De confrontatie (pas op: SPOILER) volgt als Marlin en Dory zijn opgeslokt door een walvis. Op dat moment ziet Marlin al zijn hoop om Nemo te redden in rook opgaan. Er is geen kans meer zijn zoon terug te zien. Hij moet zijn droom opgeven. Hij kan haar niet meer verwerkelijken. Keer op keer stort hij zich tegen de baleinen, tevergeefs (terwijl Dory zich door de golfslag in de walvismuil laat voortdeinen). Er is hier een vergelijking mogelijk met de bijbelse profeet Jona, die ook in de walvis tot de ontdekking kwam dat er een grens was aan zijn controle, dat zijn macht beperkt was, en dat hij afhankelijk was van iets of iemand anders. In dit geval is het Dory die in contact staat met de walvis. Hoewel Marlin het niet gelooft, verstaat zij wat het grote, onbegrijpelijke wezen (waar ze zich op dat moment binnenin bevinden!) tegen hen zegt. Hangend aan de enorme tong, het gat van de keel onder hen, zegt Dory dat het tijd is om los te laten. Dat wil zeggen om te vertrouwen. "Maar hoe weet je dan dat er niet iets ergs gebeurt?", wil Marlin weten. "Dat weet je niet", zegt Dory. En ze laten los. Hun vertrouwen wordt niet beschaamd, de walvis heeft hen afgezet in de haven van Sydney (waar ze bovendien ook nog eens moeten vertrouwen op een shabby pelikaan).
Net zo moeten wij leren te vertrouwen op God. We kunnen niet zelf de verantwoordelijkheid dragen voor ons leven, de vervulling van onze verlangens, de veiligheid van onze geliefden, de noden en pijn van de wereld, de stabiliteit van ons werk.
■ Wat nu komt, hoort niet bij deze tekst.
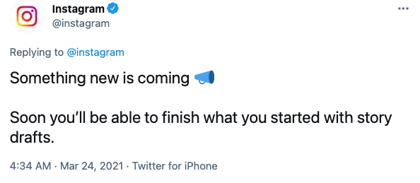 ล่าสุดก็ได้มีประกาศออกมาว่าจะเพิ่มตัวเลือกใหม่ให้สามารถบันทึกสตอรีเป็นดราฟต์ไว้ก่อนโพสต์ได้ ปัจจุบันสตอรีนับเป็นอีกฟีเจอร์ของอินสตาแกรมที่มีผู้ใช้เพิ่มขึ้นเป็นจำนวนมาก จนพูดถึงอินสตาแกรมก็จะนึกถึงสตอรีเป็นอย่างแรกๆ เลยก็ว่าได้ ทางอินสตาแกรมเลยมุ่งหาตัวเลือกเพื่อที่จะให้ผู้ใช้ได้ใช้ประโยชน์จากสตอรีให้ได้มากที่สุด และเพื่อช่วยสร้างผลประโยชน์ให้กับแบรนด์ในการใช้สตอรีในการโปรโมตไปถึงกลุ่มเป้าหมาย

We hebben die dingen niet onder controle. We hebben niet eens onze eigen gezondheid onder controle (we kunnen haar wel beïnvloeden natuurlijk, maar niet met honderd procent garantie). We zijn in zekere zin overgeleverd. Aan de elementen? Dat zou hopeloos zijn. Aan God dan? Ik geloof van wel. De weg naar vrijheid is onze verantwoordelijkheid los te laten en te doen wat hij zegt: hetzelfde wat de walvis zei: vertrouwen! Weten we dan dat ons niets ergs zal overkomen? Nee. Ik geloof niet in welvaartsevangelie. Sterker nog, we kunnen er zeker van zijn dat ons erge dingen zullen treffen. Maar met de verzoeking zal God ook de uitkomst geven. We kunnen erop vertrouwen dat de uiteindelijke controle zich bij hem bevindt. Dan zijn we niet meer in de greep van angst voor onze omgeving, paniek om de toekomst, en de controle en verslaving die daar het gevolg van is. Dan kunnen we als een Dory elke situatie zien als een nieuwe uitdaging, waar de uiteindelijke afloop aan God is overgelaten.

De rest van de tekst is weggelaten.